REQUIRED ACTION:
Look through the data below for the line with "欧元/美元延续昨日的涨势继续", and transcribe it exactly together with each line after it up to and including the line with "И все же главное". Give nothing else.

DATA TO PROCESS:
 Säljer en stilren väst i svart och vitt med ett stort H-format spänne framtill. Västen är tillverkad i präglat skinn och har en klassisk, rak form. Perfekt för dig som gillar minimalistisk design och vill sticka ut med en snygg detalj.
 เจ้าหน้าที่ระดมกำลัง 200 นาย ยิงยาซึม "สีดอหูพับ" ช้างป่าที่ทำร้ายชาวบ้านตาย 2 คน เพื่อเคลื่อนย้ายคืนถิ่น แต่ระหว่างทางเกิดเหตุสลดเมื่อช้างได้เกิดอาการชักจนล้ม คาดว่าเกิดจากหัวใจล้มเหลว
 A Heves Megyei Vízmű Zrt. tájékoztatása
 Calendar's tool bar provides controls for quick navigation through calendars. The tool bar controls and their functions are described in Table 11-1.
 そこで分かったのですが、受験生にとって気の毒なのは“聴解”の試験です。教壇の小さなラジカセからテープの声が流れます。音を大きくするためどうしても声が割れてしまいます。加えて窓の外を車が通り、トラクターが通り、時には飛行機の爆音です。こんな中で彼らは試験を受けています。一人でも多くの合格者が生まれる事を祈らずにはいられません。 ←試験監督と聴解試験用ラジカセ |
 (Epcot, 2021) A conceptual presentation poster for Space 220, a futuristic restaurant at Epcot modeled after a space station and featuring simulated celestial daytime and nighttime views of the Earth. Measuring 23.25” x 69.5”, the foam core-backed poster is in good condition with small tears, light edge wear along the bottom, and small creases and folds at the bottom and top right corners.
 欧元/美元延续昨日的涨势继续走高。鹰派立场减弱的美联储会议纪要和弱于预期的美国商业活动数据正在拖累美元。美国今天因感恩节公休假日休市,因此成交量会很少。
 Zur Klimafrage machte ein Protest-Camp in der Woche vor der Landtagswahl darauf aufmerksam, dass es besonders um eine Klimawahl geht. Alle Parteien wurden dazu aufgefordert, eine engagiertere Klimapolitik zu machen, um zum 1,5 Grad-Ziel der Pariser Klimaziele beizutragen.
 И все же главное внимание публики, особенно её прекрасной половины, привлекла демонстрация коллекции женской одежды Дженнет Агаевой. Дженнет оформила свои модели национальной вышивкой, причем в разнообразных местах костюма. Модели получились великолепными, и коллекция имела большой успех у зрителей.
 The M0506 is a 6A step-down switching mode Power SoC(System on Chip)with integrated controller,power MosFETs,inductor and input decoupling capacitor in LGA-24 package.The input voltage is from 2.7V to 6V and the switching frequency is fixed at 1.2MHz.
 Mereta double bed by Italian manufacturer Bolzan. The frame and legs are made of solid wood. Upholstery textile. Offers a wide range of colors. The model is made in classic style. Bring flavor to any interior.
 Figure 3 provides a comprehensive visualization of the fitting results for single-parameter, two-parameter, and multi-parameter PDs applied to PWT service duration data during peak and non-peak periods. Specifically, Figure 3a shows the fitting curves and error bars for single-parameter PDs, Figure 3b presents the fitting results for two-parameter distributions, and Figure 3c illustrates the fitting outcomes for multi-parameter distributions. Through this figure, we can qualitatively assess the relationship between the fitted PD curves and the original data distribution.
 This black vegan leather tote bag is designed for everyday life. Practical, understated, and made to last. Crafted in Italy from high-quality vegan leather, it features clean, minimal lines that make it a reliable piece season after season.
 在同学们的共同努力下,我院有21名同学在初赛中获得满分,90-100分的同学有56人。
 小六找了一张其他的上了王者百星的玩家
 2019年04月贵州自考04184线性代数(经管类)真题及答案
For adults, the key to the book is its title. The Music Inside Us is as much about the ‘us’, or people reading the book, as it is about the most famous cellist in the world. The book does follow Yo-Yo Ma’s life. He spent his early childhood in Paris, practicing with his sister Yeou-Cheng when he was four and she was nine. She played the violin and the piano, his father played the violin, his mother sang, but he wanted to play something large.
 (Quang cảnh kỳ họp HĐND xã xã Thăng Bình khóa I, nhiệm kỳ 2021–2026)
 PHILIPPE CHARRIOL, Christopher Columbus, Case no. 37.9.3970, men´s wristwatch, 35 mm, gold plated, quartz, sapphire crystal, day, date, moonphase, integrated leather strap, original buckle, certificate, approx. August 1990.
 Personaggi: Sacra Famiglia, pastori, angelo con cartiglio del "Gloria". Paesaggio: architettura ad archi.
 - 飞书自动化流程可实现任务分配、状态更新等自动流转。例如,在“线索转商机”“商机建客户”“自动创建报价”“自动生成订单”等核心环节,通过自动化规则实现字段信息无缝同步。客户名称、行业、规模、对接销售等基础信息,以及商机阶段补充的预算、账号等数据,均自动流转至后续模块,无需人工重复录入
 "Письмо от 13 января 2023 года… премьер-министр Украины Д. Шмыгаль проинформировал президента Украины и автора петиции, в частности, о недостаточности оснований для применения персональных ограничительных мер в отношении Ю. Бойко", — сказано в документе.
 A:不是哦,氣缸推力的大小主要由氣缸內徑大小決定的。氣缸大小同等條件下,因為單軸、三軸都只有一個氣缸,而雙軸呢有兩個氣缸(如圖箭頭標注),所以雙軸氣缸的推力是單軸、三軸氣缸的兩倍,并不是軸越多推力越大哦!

OUTPUT FOR THIS EXERCISE:
 欧元/美元延续昨日的涨势继续走高。鹰派立场减弱的美联储会议纪要和弱于预期的美国商业活动数据正在拖累美元。美国今天因感恩节公休假日休市,因此成交量会很少。
 Zur Klimafrage machte ein Protest-Camp in der Woche vor der Landtagswahl darauf aufmerksam, dass es besonders um eine Klimawahl geht. Alle Parteien wurden dazu aufgefordert, eine engagiertere Klimapolitik zu machen, um zum 1,5 Grad-Ziel der Pariser Klimaziele beizutragen.
 И все же главное внимание публики, особенно её прекрасной половины, привлекла демонстрация коллекции женской одежды Дженнет Агаевой. Дженнет оформила свои модели национальной вышивкой, причем в разнообразных местах костюма. Модели получились великолепными, и коллекция имела большой успех у зрителей.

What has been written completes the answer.